_WHAT IS EXPECTED_
Return all the lines below exactly. Any picture among them is omitted.
· · ·
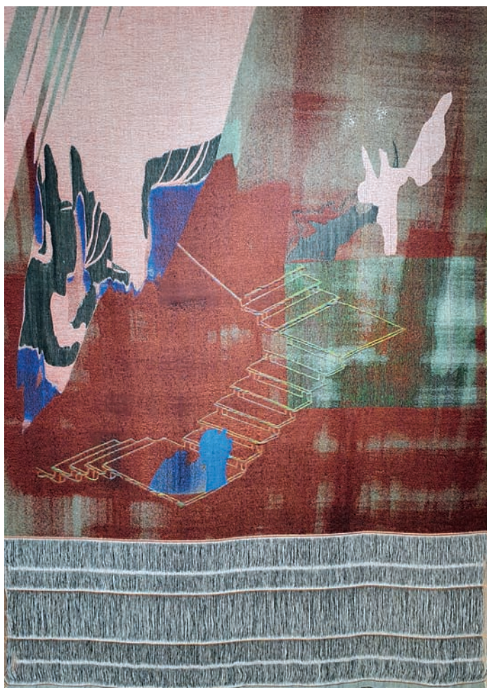
Laiptai. 2022 m. Skaitmeninis žakardinis audimas, vilna, 225 X 150 cm.
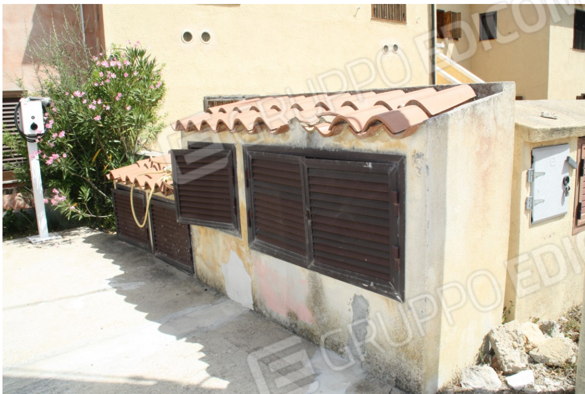
Manufatto con contatori
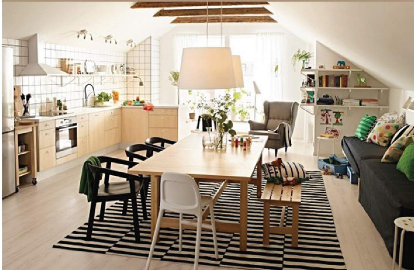
Bàn ăn, tủ bếp và sàn nhà được làm bằng gỗ có vân màu vàng sáng góp phần bừng sáng cho căn phòng. Những chiếc ghế màu đen và thảm trải sàn kẻ sọc màu trắng đen làm nổi bật hơn cho phòng ăn.

Từ cách chọn lựa kiểu dáng, màu sắc cho bộ bàn ghế và bày biện các đồ vật, bạn sẽ có được phòng ăn mang phong cách hiện đại, lịch sự đón khách.
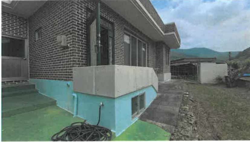
기호(2) 주변 데크(하단부 창고 등), 계단 등 전경
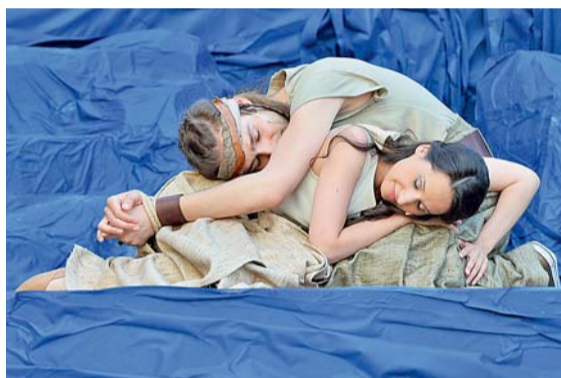
▲ Panna a královic. Přes všechna úskalí si k sobě vždy najdou cestu.
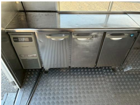
コールドテーブル冷蔵 (RT-150MTCG)
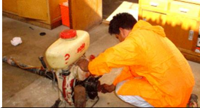
Figura 6. Preparación de equipo de aplicación de plaguicidas
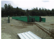
Préparation Portique Charpente
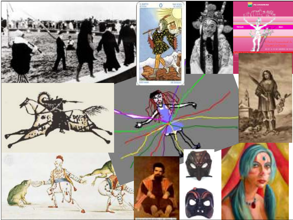
Fig.2. Multiplicidade clownesca

Existe uma origem do clownear? Teria o palhaço se originado nos circos como muitos afirmam? Eis um dos pontos chave da nossa argumentação que não trabalha com a idéia da posse ou exclusividade da arte do clown/palhaço pelo circo, geralmente apoiada na idéia de que a arte do palhaço começou embaixo da lona e somente ali seria legítima.
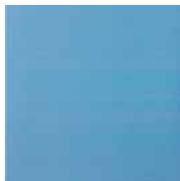
Basic azul 28 33,3x33,3/13"x13"
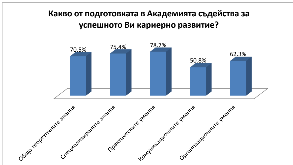
Диаграма 2 „Какво от подготовката в Академията съдейства за успешното Ви кариерно развитие?“

Във връзка с професионалната реализация на възпитаниците, от значение са трудностите, които срещат. На въпроса „ Трудности в процеса на професионалната ми реализация “ анкетираните са отговорили категорично, че „ Условията на работа /възнаграждение, изисквания, работно време, среда/ “ са определящи / 81.1 % /. В по-малка степен е застъпен отговорът: „ Необходимост от допълнителна квалификация “ – 24.5 % , а отговора „ Насищане на пазара на труда с кадри по моята специалност “ е най-маловажен за същите – 13.2 % /Диаграма 3/.
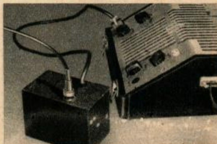
Ci-dessous, un préamplificateur est utile pour augmenter le rayon d'action du microphone.
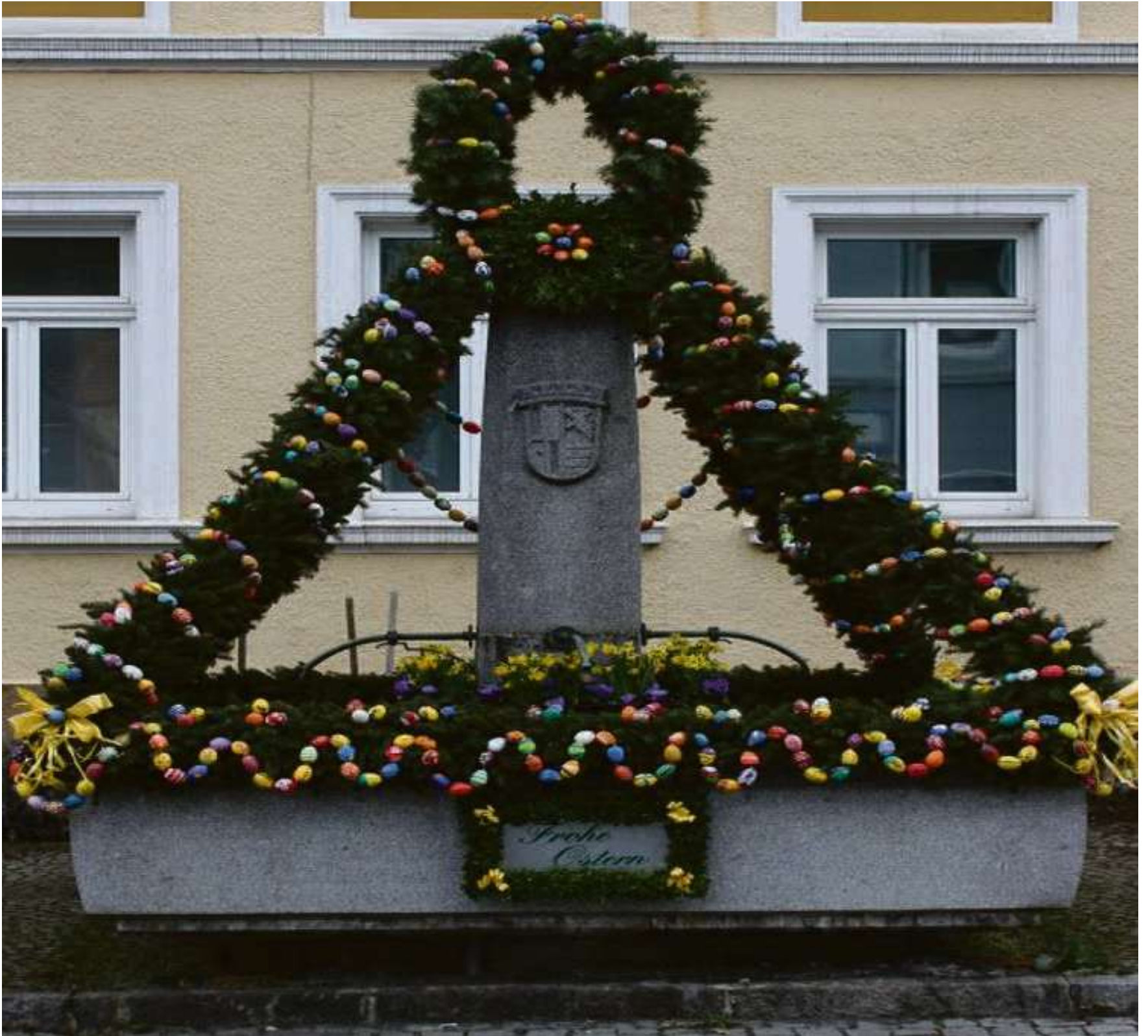
Blick auf den Osterbrunnen von Gefrees.
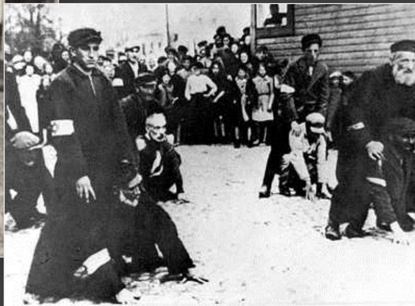
יהודים מושפלים ברחובות העיר, פולין
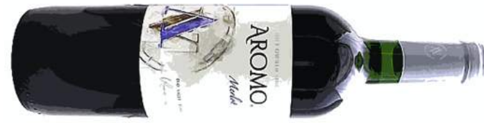
Aromo Merlot アロモ メルロー [ CHILE ] 700 チリ・マウレ・ヴァレーの理想的な環境で育ったブドウの恵みを 十分堪能できる辛口の赤ワインに仕上がっています。
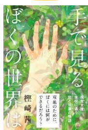
『手で見るぼくの世界は』 榎崎茜/作 くもん出版
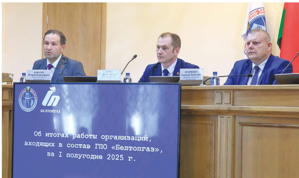
Об итогах работы организаций, входящих в состав ГПО «Белтопгаз», за I полугодие 2025 г.

В рамках реализации Государственной программы «Энергосбережение» на 2021–2025 годы за отчетный период обеспечено выполнение всех установ-
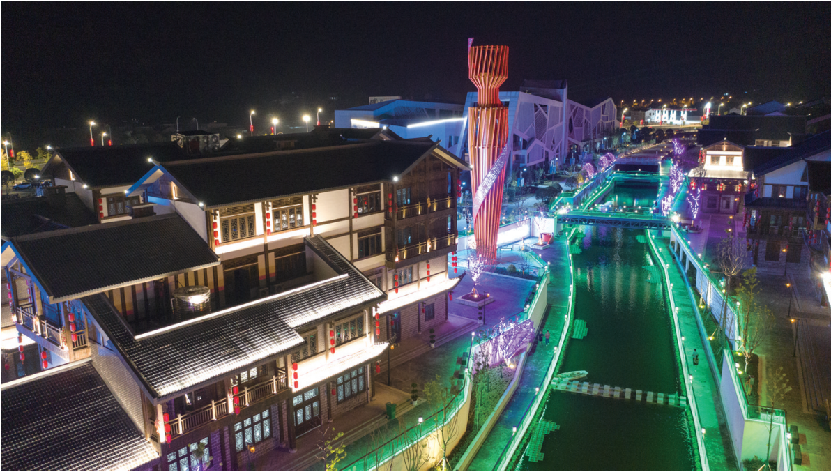
流光溢彩的旅游商品产业园。
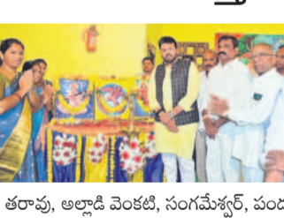
రామాయంపేట, మార్చి 8: విద్యా, వైద్యాన్ని మెరుగుపరుస్తామని మెడక్ ఎమ్మెల్యే రోహిణి రావు అన్నారు.

రామాయంపేట, మార్చి 8: విద్యా, వైద్యాన్ని మెరుగుపరుస్తామని మెడక్ ఎమ్మెల్యే రోహిణి రావు అన్నారు. శనివారం రామాయంపేటలోని శిశుమందిర్ వార్డులోని ఆయన హాజరయ్యారు. శిశుమందిర్ అంటే విజ్ఞానం, విశాసం, పట్టుదల, క్రమశిక్షణతో విద్యార్థులు ఉన్నత శిఖరాలకు చేరుకుంటారన్నారు. కార్యక్రమంలో పీసీసీ సభ్యులు సుప్రభా
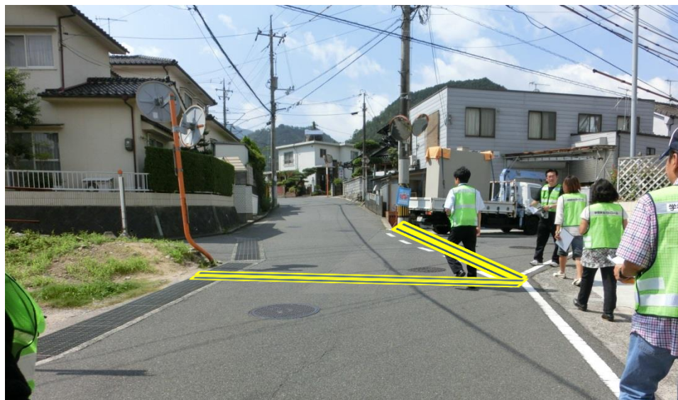
学校から桐原方向視点

点線のラインを昨年度引いて頂いたが、十分な注意喚起がされているようにみえない事から児童の安全な登下校を支えるための追加措置として横断歩道を要望。
· · ·
_YOUR RESPONSE_
Laiptai. 2022 m. Skaitmeninis žakardinis audimas, vilna, 225 X 150 cm.
Manufatto con contatori
Bàn ăn, tủ bếp và sàn nhà được làm bằng gỗ có vân màu vàng sáng góp phần bừng sáng cho căn phòng. Những chiếc ghế màu đen và thảm trải sàn kẻ sọc màu trắng đen làm nổi bật hơn cho phòng ăn.

Từ cách chọn lựa kiểu dáng, màu sắc cho bộ bàn ghế và bày biện các đồ vật, bạn sẽ có được phòng ăn mang phong cách hiện đại, lịch sự đón khách.
기호(2) 주변 데크(하단부 창고 등), 계단 등 전경
▲ Panna a královic. Přes všechna úskalí si k sobě vždy najdou cestu.
コールドテーブル冷蔵 (RT-150MTCG)
Figura 6. Preparación de equipo de aplicación de plaguicidas
Préparation Portique Charpente
Fig.2. Multiplicidade clownesca

Existe uma origem do clownear? Teria o palhaço se originado nos circos como muitos afirmam? Eis um dos pontos chave da nossa argumentação que não trabalha com a idéia da posse ou exclusividade da arte do clown/palhaço pelo circo, geralmente apoiada na idéia de que a arte do palhaço começou embaixo da lona e somente ali seria legítima.
Basic azul 28 33,3x33,3/13"x13"
Диаграма 2 „Какво от подготовката в Академията съдейства за успешното Ви кариерно развитие?“

Във връзка с професионалната реализация на възпитаниците, от значение са трудностите, които срещат. На въпроса „ Трудности в процеса на професионалната ми реализация “ анкетираните са отговорили категорично, че „ Условията на работа /възнаграждение, изисквания, работно време, среда/ “ са определящи / 81.1 % /. В по-малка степен е застъпен отговорът: „ Необходимост от допълнителна квалификация “ – 24.5 % , а отговора „ Насищане на пазара на труда с кадри по моята специалност “ е най-маловажен за същите – 13.2 % /Диаграма 3/.
Ci-dessous, un préamplificateur est utile pour augmenter le rayon d'action du microphone.
Blick auf den Osterbrunnen von Gefrees.
יהודים מושפלים ברחובות העיר, פולין
Aromo Merlot アロモ メルロー [ CHILE ] 700 チリ・マウレ・ヴァレーの理想的な環境で育ったブドウの恵みを 十分堪能できる辛口の赤ワインに仕上がっています。
『手で見るぼくの世界は』 榎崎茜/作 くもん出版
Об итогах работы организаций, входящих в состав ГПО «Белтопгаз», за I полугодие 2025 г.

В рамках реализации Государственной программы «Энергосбережение» на 2021–2025 годы за отчетный период обеспечено выполнение всех установ-
流光溢彩的旅游商品产业园。
రామాయంపేట, మార్చి 8: విద్యా, వైద్యాన్ని మెరుగుపరుస్తామని మెడక్ ఎమ్మెల్యే రోహిణి రావు అన్నారు.

రామాయంపేట, మార్చి 8: విద్యా, వైద్యాన్ని మెరుగుపరుస్తామని మెడక్ ఎమ్మెల్యే రోహిణి రావు అన్నారు. శనివారం రామాయంపేటలోని శిశుమందిర్ వార్డులోని ఆయన హాజరయ్యారు. శిశుమందిర్ అంటే విజ్ఞానం, విశాసం, పట్టుదల, క్రమశిక్షణతో విద్యార్థులు ఉన్నత శిఖరాలకు చేరుకుంటారన్నారు. కార్యక్రమంలో పీసీసీ సభ్యులు సుప్రభా
学校から桐原方向視点

点線のラインを昨年度引いて頂いたが、十分な注意喚起がされているようにみえない事から児童の安全な登下校を支えるための追加措置として横断歩道を要望。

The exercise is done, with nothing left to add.